Excerpted from the book: “Saints: Ancient and Modern” by Barbara Calamari and Sandra DiPasqua.

Saint Rita of Cascia

 1386-1457

Feast Day: May 22

Patronage: Impossible Causes, Bad Marriages, Victims of Spousal Abuse, Widows

Invoked Against: Sterility, Loneliness, Bodily ills, Smallpox

Symbols: Roses, Bees, Figs, Nun with cross receiving wound, Crown of thorns, Crucifix

       Margarita Lotti was the answer to the prayers of a devoutly Catholic older couple in Roccaporena, Italy. During the pregnancy, her mother had a vision of an angel telling her “You will give birth to a daughter marked with the seal of sanctity, gifted with every virtue, a helper to the helpless and an advocate of the afflicted.” Her father named the child Rita, as the Angel had called her.  After the baby’s baptism, bees would hover over her while she slept.  A symbol of divine presence, they never harmed nor woke her.

       Rita came of age at the time of a deep schism in the Church – the Pope had fled to Avignon and the future of many religious communities was uncertain. Her true wish was to become a nun but she obeyed her parents and married instead, to support them in their old age. The husband chosen for her, Paolo Mancini, was a good provider though gradually revealed a violent, volatile nature. He was unfaithful, abusive and domineering. Heavily involved in the factional infighting that gripped the Italian landscape, he made many enemies.
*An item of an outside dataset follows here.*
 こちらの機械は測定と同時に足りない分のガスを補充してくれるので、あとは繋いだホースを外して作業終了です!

        Rita prayed fervently that her husband would have a change of heart and become a better husband and father to their twin sons.  Paolo experienced a conversion when he was sent a vision of himself as he was seen by others. He begged Rita’s forgiveness for the difficult life he had subjected her to and vowed to change. They had been married for 18 years when Paolo was ambushed on his way to work and murdered, his mutilated body dumped on the family’s doorstep. Their enraged teenaged sons vowed a vendetta. Entreaties by their mother to turn the other cheek were scoffed at.  Rita begged God to stop her boys before they also committed murder. Within that year, before they could act on their anger, both boys contracted an illness and died. Rita was distraught at the loss of her entire family, but took some comfort in the fact that her sons died in a state of grace.  
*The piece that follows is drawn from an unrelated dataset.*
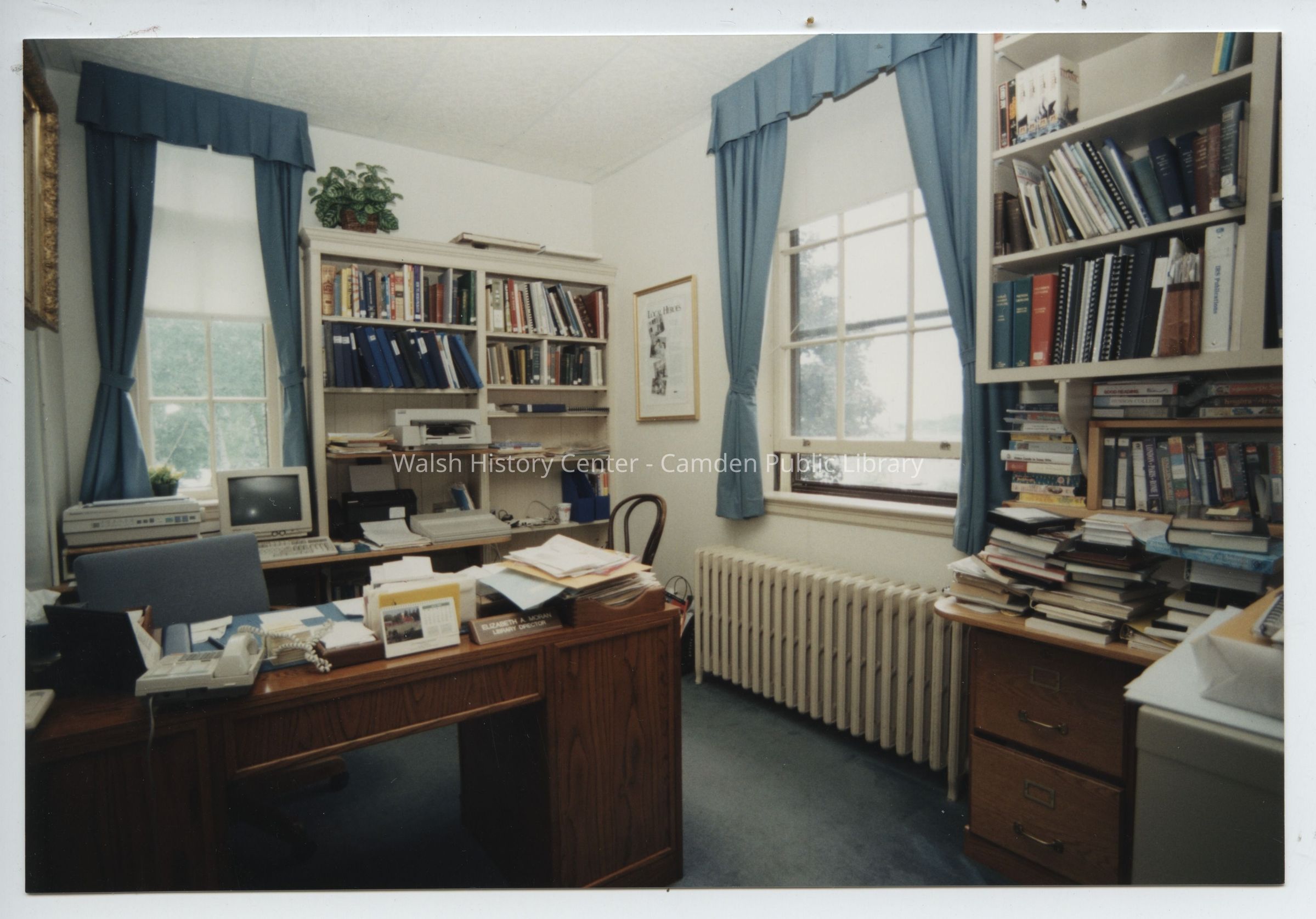 Photograph shows the library director's office prior to the construction of the Centennial Wing c.1994/1995.Collection

            Devoting herself to charity, Rita decided to pursue her early wishes of joining a convent. It is said that the local order of Augustinian nuns refused her on the grounds that she was not a virgin. A more probable reason for rejection, several of the nuns came from families of Paolo’s declared enemies and they did not want to inflame the convent with tensions brought in from the outside world. Rita implored her patron saints for help, Saint John the Baptist, Saint Augustine of Hippo and Saint Nicholas of Tolentino. Three times she requested admission to the convent and three times she was denied. One tale of how she was eventually accepted has Rita hearing a knock at her door during her prays to her three patrons. Though no one was there, a voice called to her, “Rita! Rita! Fear not, God will admit you into the cloister as His spouse.”  When she resumed praying, John the Baptist appeared to her and told her to follow him to the Convent of Mary Magdalene. Along the way, they were joined by Saints Augustine and Nicholas of Tolentino, radiant in light.  The saints blessed her at the convent door then disappeared. Rita was found the next day by the astonished nuns, inside their convent! After she recounted the story of her miraculous entrance, it was decided that she should remain with them. The other tale explains that through prayer and meditation Rita was able to create such an atmosphere of serenity about her that it enabled her to affect a signed truce between her husband’s family and the family of his enemies. Impressed by her dedication and sincerity, the prioress of the convent admitted her.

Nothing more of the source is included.